_PROBLEM TO WORK ON:_ In the entries below, begin at the line with "安徽:自即日起,停止安徽省建" and stop after the line with "Clients from almost"; output those lines exactly and omit the pictures.

_WORKING DATA:_
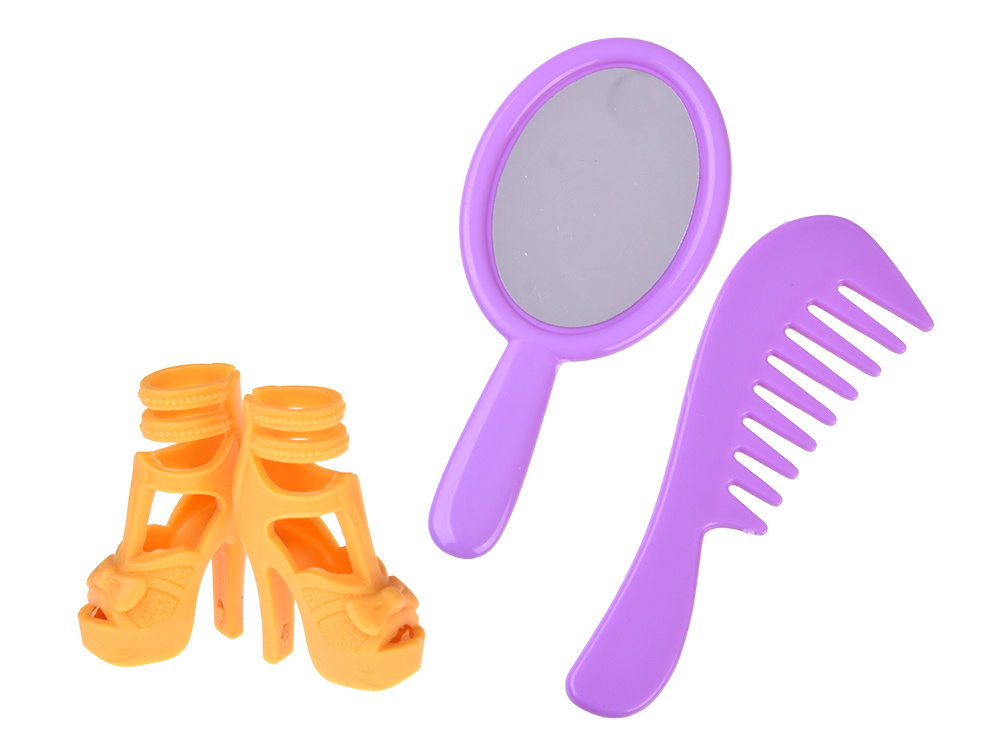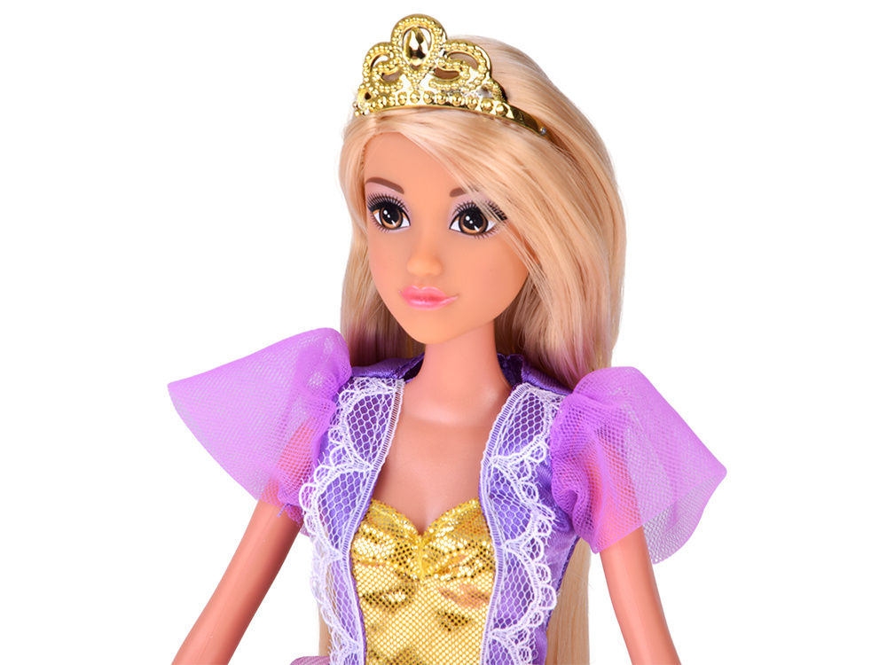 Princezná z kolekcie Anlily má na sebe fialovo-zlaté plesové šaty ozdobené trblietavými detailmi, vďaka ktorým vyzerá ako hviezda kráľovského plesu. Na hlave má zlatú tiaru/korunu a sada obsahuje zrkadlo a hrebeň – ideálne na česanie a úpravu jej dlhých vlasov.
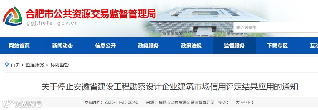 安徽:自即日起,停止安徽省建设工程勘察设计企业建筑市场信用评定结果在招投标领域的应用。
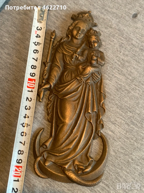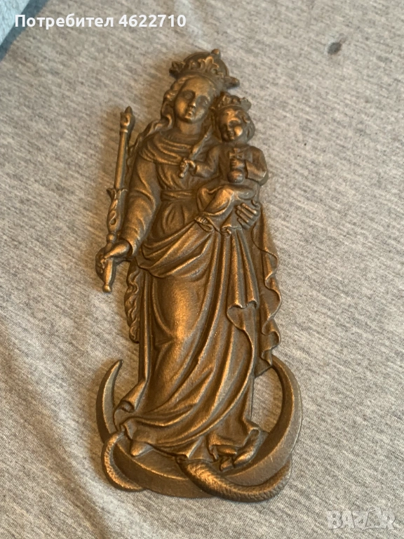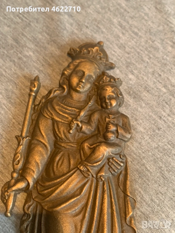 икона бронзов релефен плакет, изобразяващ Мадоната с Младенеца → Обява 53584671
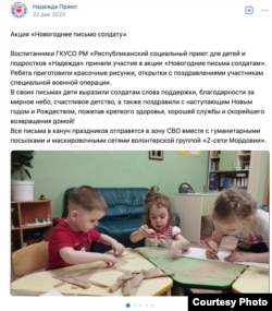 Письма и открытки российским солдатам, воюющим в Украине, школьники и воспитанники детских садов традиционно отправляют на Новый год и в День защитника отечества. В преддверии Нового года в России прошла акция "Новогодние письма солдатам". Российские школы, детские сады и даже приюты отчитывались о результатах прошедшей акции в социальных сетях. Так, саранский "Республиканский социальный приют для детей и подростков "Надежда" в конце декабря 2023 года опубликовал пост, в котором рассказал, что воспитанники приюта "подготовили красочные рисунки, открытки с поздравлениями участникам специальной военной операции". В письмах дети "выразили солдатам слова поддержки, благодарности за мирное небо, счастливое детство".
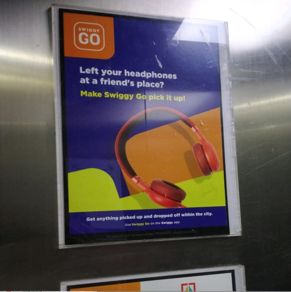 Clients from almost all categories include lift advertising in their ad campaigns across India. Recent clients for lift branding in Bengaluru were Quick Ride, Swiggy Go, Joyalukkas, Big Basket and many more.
...
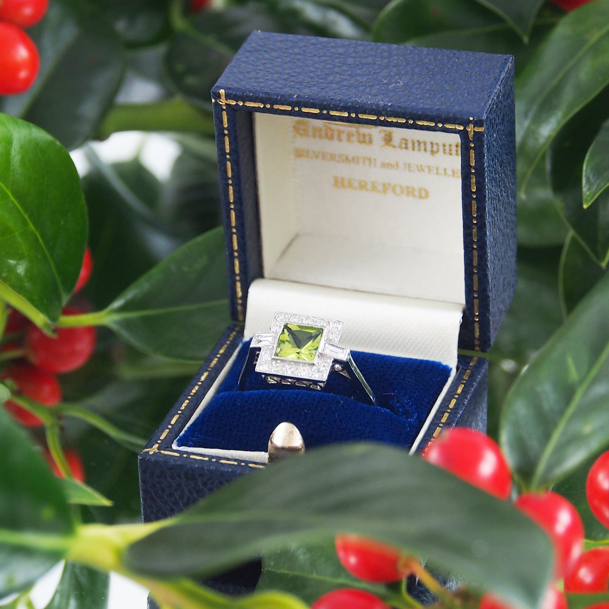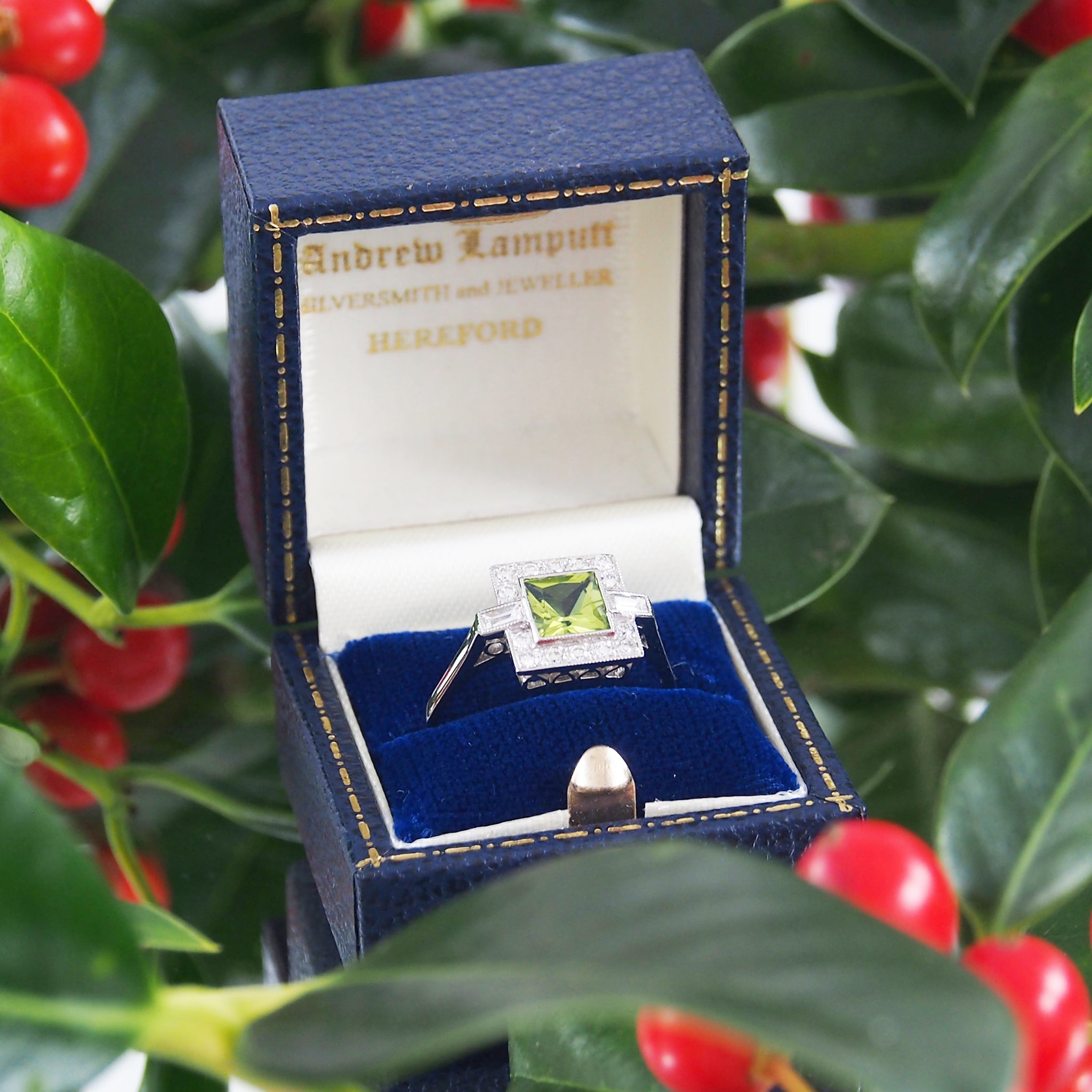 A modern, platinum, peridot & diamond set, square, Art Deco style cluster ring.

_WRITTEN REPLY:_
 安徽:自即日起,停止安徽省建设工程勘察设计企业建筑市场信用评定结果在招投标领域的应用。
 икона бронзов релефен плакет, изобразяващ Мадоната с Младенеца → Обява 53584671
 Письма и открытки российским солдатам, воюющим в Украине, школьники и воспитанники детских садов традиционно отправляют на Новый год и в День защитника отечества. В преддверии Нового года в России прошла акция "Новогодние письма солдатам". Российские школы, детские сады и даже приюты отчитывались о результатах прошедшей акции в социальных сетях. Так, саранский "Республиканский социальный приют для детей и подростков "Надежда" в конце декабря 2023 года опубликовал пост, в котором рассказал, что воспитанники приюта "подготовили красочные рисунки, открытки с поздравлениями участникам специальной военной операции". В письмах дети "выразили солдатам слова поддержки, благодарности за мирное небо, счастливое детство".
 Clients from almost all categories include lift advertising in their ad campaigns across India. Recent clients for lift branding in Bengaluru were Quick Ride, Swiggy Go, Joyalukkas, Big Basket and many more.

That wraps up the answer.